Note
Another useful resource for instructions on configuring HEMCO run directories is our YouTube tutorial.
Navigate to your new directory, and examine the contents:
$ cd /path/to/hemco/run/dir
$ ls
build/ HEMCO_Diagn.rc HEMCO_sa_Spec.rc README
CodeDir@ HEMCO_sa_Config.rc HEMCO_sa_Time.rc rundir.version
HEMCO_Config.rc HEMCO_sa_Grid.4x5.rc OutputDir/ runHEMCO.sh*The following files can be modified to set up your HEMCO standalone simulation.
.. option:: HEMCO_sa_Config.rc
Main configuration file for the HEMCO standalone simulation. This
file points to the other configuration files used to set up your
simulation (e.g. :option:`HEMCO_sa_Grid.4x5.rc`,
:option:`HEMCO_sa_Time.rc`).
This file typically references a :option:`HEMCO_Config.rc` file
using
.. code-block:: none
>>>include HEMCO_Config.rc
which contains the emissions settings.

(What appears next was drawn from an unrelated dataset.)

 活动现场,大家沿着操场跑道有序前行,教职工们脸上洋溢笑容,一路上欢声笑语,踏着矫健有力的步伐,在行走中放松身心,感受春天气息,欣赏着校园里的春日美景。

Settings in
:option:`HEMCO_sa_Config.rc` will always override any settings in
the included :option:`HEMCO_Config.rc` file.
.. option:: HEMCO_Config.rc
Contains emissions settings. :option:`HEMCO_Config.rc` can be taken
from a another model (such as GEOS-Chem), or can be built from a
sample file.
For more information on editing :option:`HEMCO_Config.rc`, please
see the following chapters: :ref:`hco-cfg`, :ref:`edit-hco-cfg`,
and :ref:`cfg-ex`.
.. important::
Make sure that the path to your data directory in the
:option:`HEMCO_Config.rc` file is correct. Otherwise, HEMCO
standalone will not be able read data from disk.

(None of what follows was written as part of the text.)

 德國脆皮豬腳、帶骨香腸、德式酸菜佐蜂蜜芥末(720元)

.. option:: HEMCO_Diagn.rc Specifies which fields to save out to the HEMCO diagnostics file saved in :file:`OutputDir` by default. The frequency to save out diagnostics is controlled by the :option:`DiagnFreq` setting in :option:`HEMCO_sa_Config.rc` For more information, please see the chapter entitled :ref:`hco-diag-configfile`.
.. option:: HEMCO_sa_Grid.4x5.rc Defines the grid specification. Sample files are provided for 4.0 x 5.0, 2.0 x 2.5, 0.5 x 0.625, and 0.25 x 0.3125 global grids in :file:`HEMCO/run/` and are automatically copied to the run directory based on options chosen when running :file:`createRunDir.sh`. you choose to run with a custom grid or over a regional domain, you will need to modify this file manually.
.. option:: HEMCO_sa_Spec.rc Defines the species to include in the HEMCO standalone simulation. By default, the species in a GEOS-Chem full-chemistry simulation are defined. To include other species, you can modify this file by providing the species name, molecular weight, and other properties.
.. option:: HEMCO_sa_Time.rc Defines the start and end times of the HEMCO standalone simulation as well as the emissions timestep (s).
.. option:: runHEMCO.sh Sample run script for submitting a HEMCO standalone simulation via SLURM.